This project delivers a full-stack workflow for turning Video-Depth-Anything checkpoints into ONNX models that can be executed in browsers or WebAssembly runtimes. The web UI lets you upload entire checkpoint folders, review the contents, tweak export settings, and trigger a FastAPI backend that performs the PyTorch→ONNX conversion.
- Folder-aware uploader – drag and drop checkpoint directories or select them via the file picker. The app keeps folder structure intact so the backend can reconstruct repositories.
- Interactive inspection – see file sizes, paths, and quick previews for config or text files before exporting.
- Custom export options – configure encoder variant, opset version, metric mode, input shapes, and dynamic axes.

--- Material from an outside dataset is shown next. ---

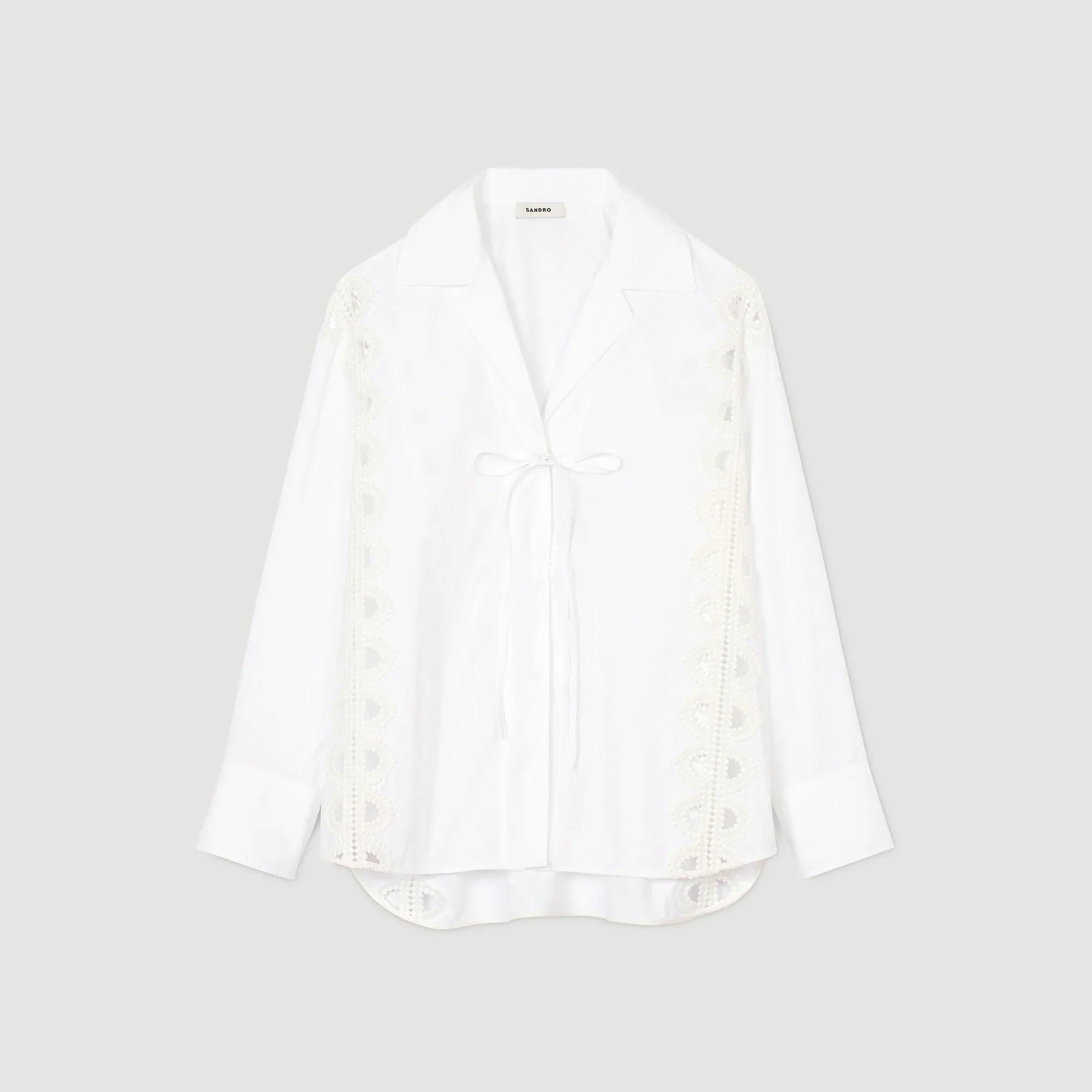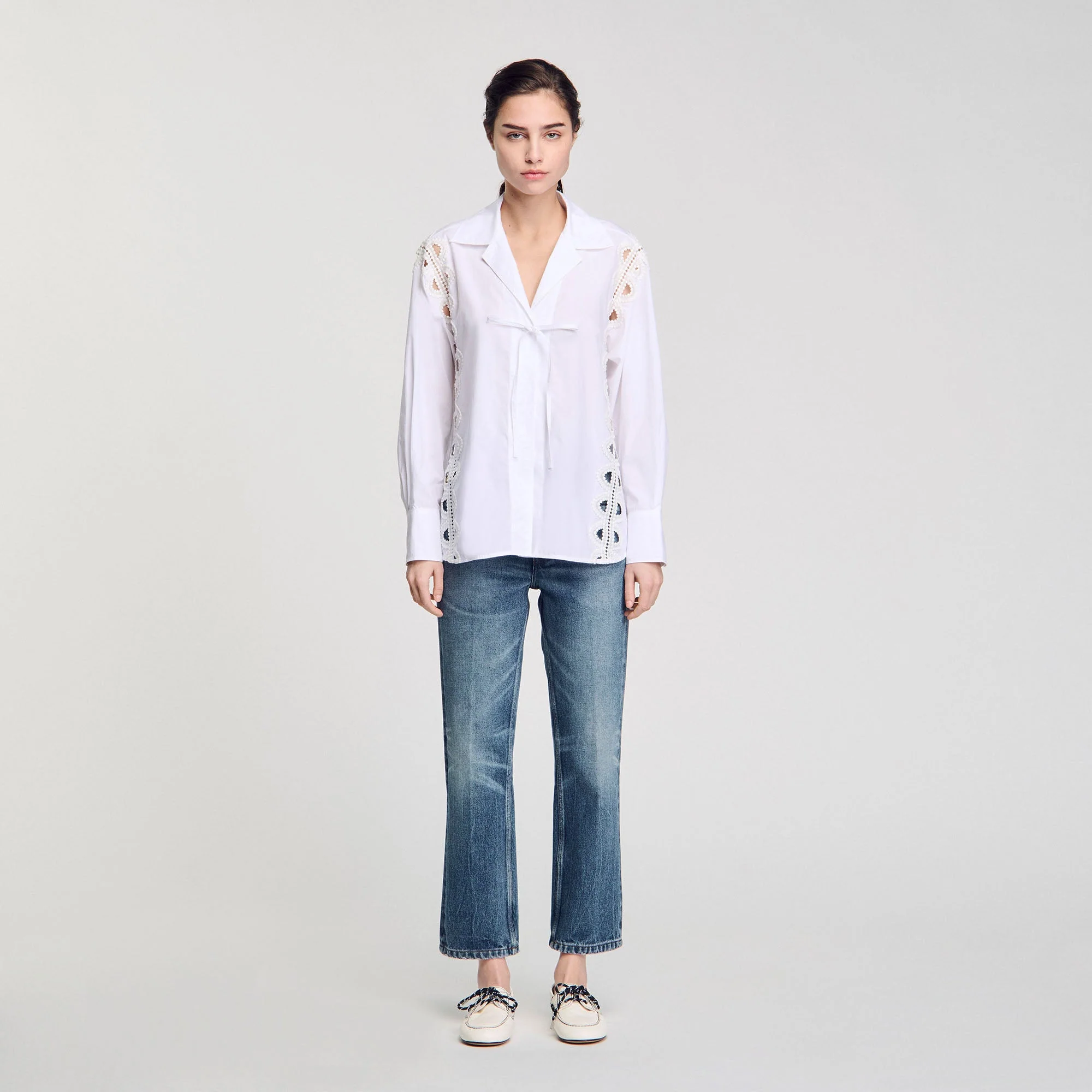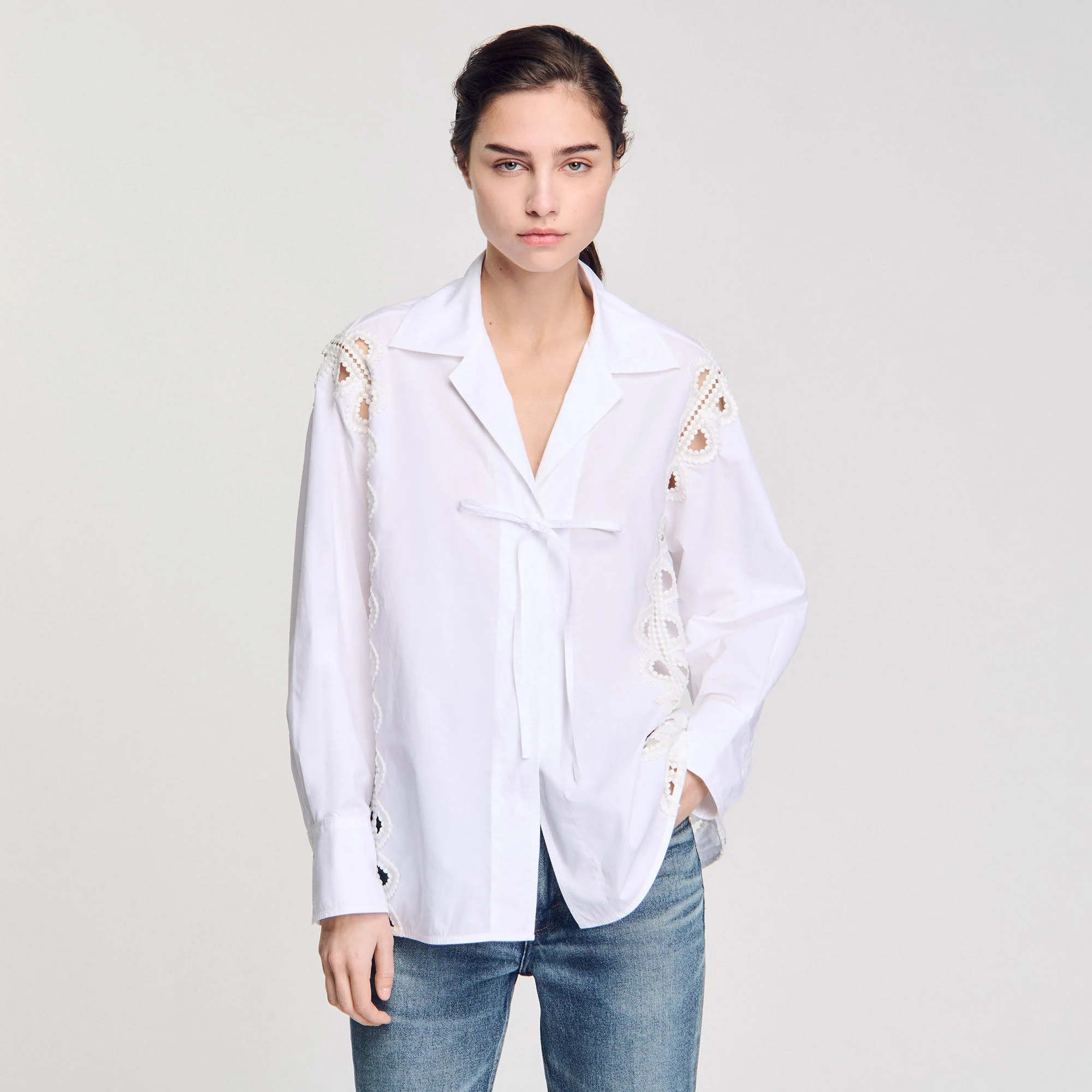 Camisa de popelina con cuello de solapa ancho y tiras para anudar delante y a los lados, adornada de galones de encaje calado.

- Server-side conversion – FastAPI endpoint recreates the model definition, loads weights, and exports an ONNX file using
torch.onnx.export. - One-click download – receive the generated ONNX file directly in the browser once conversion completes.
.
├── index.html # Front-end entry point
├── static/
│ ├── app.js # Uploader logic, previews, API calls
│ └── styles.css # Tailored styling for the experience
├── server/
│ ├── main.py # FastAPI application exposing /api/convert
│ └── requirements.txt # Backend dependencies
└── tools/
└── export_vda_onnx.py # CLI helper reused by the backend
git clone https://github.com/DepthAnything/Video-Depth-Anything
# Clone this project next to itcd Token-Matrix/server
python -m venv .venv
source .venv/bin/activate # Windows: .venv\Scripts\activate
pip install -r requirements.txt
uvicorn main:app --reloadThe FastAPI server exposes the following endpoints:
GET /api/health– health check returning{ "status": "ok" }POST /api/convert– accepts uploaded files plus form parameters and returns an ONNX file
The UI is static, so any HTTP server works:
cd Token-Matrix
python -m http.server 5173Open http://localhost:5173/index.html in your browser. The UI targets http://<host>:8000 by default; override this by defining window.__VDA_API_BASE__ (or window.__VDA_API_PORT__) before loading static/app.js when embedding the app elsewhere.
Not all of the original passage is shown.